§ EXERCISE INSTRUCTIONS: The reply should hold only the lines below beginning at the one with "Szafka warsztatowa z" and ending at the one with "A Pardesca Frazione", copied exactly, with every picture left out.
===== RECORDS SUPPLIED
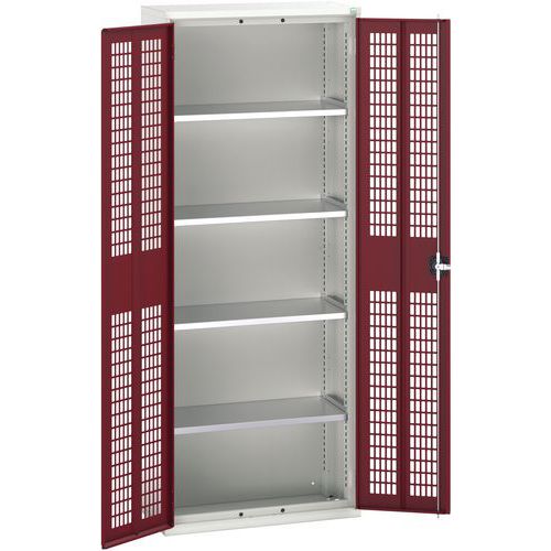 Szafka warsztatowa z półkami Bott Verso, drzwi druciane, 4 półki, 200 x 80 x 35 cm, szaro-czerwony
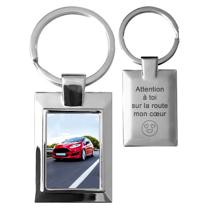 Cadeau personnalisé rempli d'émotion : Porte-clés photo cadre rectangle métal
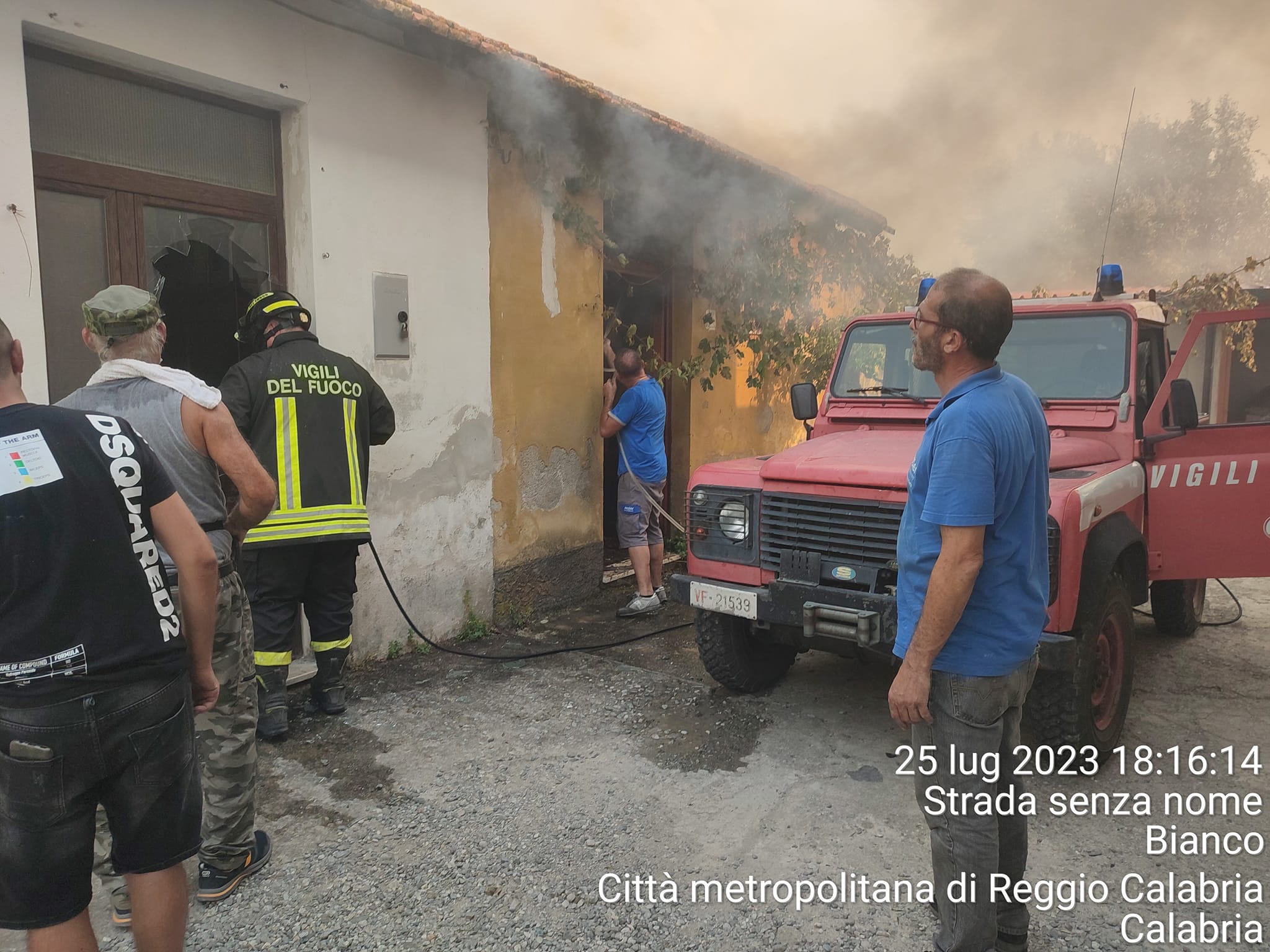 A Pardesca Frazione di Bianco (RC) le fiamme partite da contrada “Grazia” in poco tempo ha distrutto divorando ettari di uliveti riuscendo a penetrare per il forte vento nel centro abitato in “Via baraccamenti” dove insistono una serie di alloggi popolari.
==========
===== RECORDS SUPPLIED
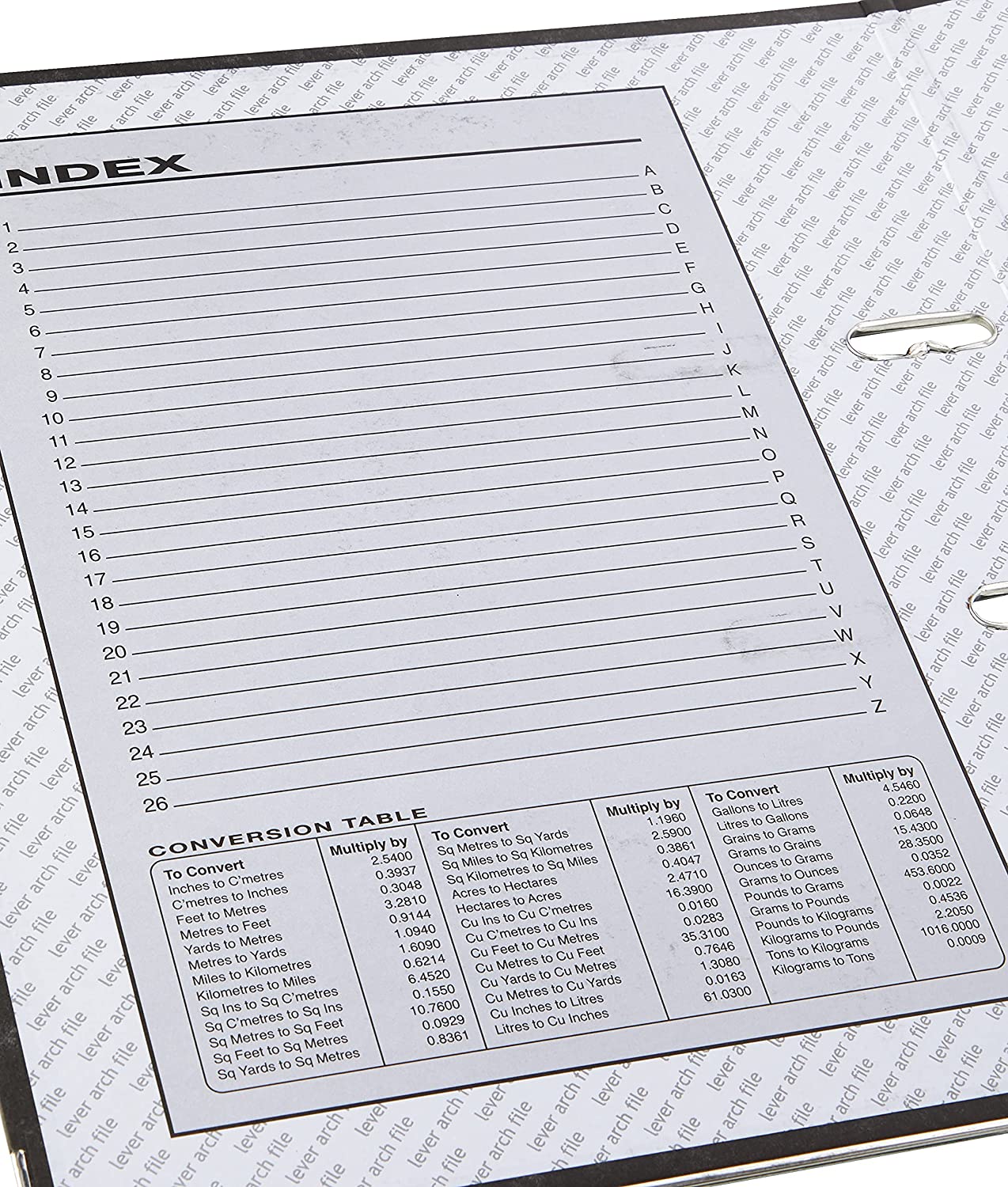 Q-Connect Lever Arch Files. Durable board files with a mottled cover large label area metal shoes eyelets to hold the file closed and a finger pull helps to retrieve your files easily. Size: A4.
==========
§ RESPONSE AREA:
 Szafka warsztatowa z półkami Bott Verso, drzwi druciane, 4 półki, 200 x 80 x 35 cm, szaro-czerwony
 Cadeau personnalisé rempli d'émotion : Porte-clés photo cadre rectangle métal
 A Pardesca Frazione di Bianco (RC) le fiamme partite da contrada “Grazia” in poco tempo ha distrutto divorando ettari di uliveti riuscendo a penetrare per il forte vento nel centro abitato in “Via baraccamenti” dove insistono una serie di alloggi popolari.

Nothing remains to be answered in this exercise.